* **Collected material**
■ ■ ■ ■
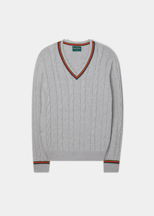Sandford Baumwoll-Kaschmir-Pullover mit Zopfmuster und V-Ausschnitt in Taubenblau
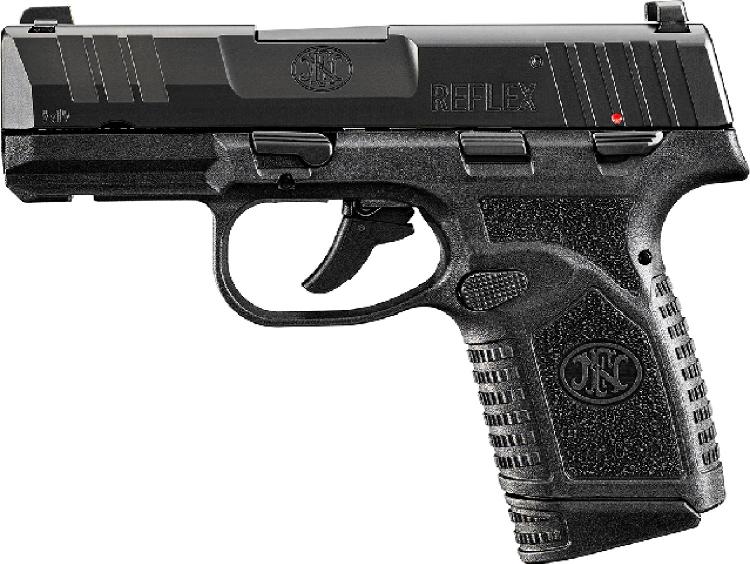 The FN Reflex 9mm Pistol is single action and has a 10+1-round capacity. It's built with a polymer frame, reversible magazine release and in-mold stippled grips. Orange front night and double dot rear sights and a slim line rail mount complete the design.
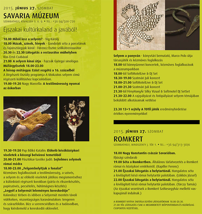 Az eddig tapasztalatok alapján, a nagy sikerre való tekintettel a programokban az idén is részt vesz a levéltár és a törvényszék. A kínálat sokrétű, ám tematikájában direkt vagy indirekt módon igazodik a Savaria Múzeum Selyem-sorozatához. A programok sokszínűsége miatt minden korosztály megtalálja a kedvére valót, ezért szeretettel várnak ifjakat és idősebbeket egyaránt.
■ ■ ■ ■
* **Task statement**
Repeat the material above word for word but skip the images.

* **Exercise answer**
Sandford Baumwoll-Kaschmir-Pullover mit Zopfmuster und V-Ausschnitt in Taubenblau
 The FN Reflex 9mm Pistol is single action and has a 10+1-round capacity. It's built with a polymer frame, reversible magazine release and in-mold stippled grips. Orange front night and double dot rear sights and a slim line rail mount complete the design.
 Az eddig tapasztalatok alapján, a nagy sikerre való tekintettel a programokban az idén is részt vesz a levéltár és a törvényszék. A kínálat sokrétű, ám tematikájában direkt vagy indirekt módon igazodik a Savaria Múzeum Selyem-sorozatához. A programok sokszínűsége miatt minden korosztály megtalálja a kedvére valót, ezért szeretettel várnak ifjakat és idősebbeket egyaránt.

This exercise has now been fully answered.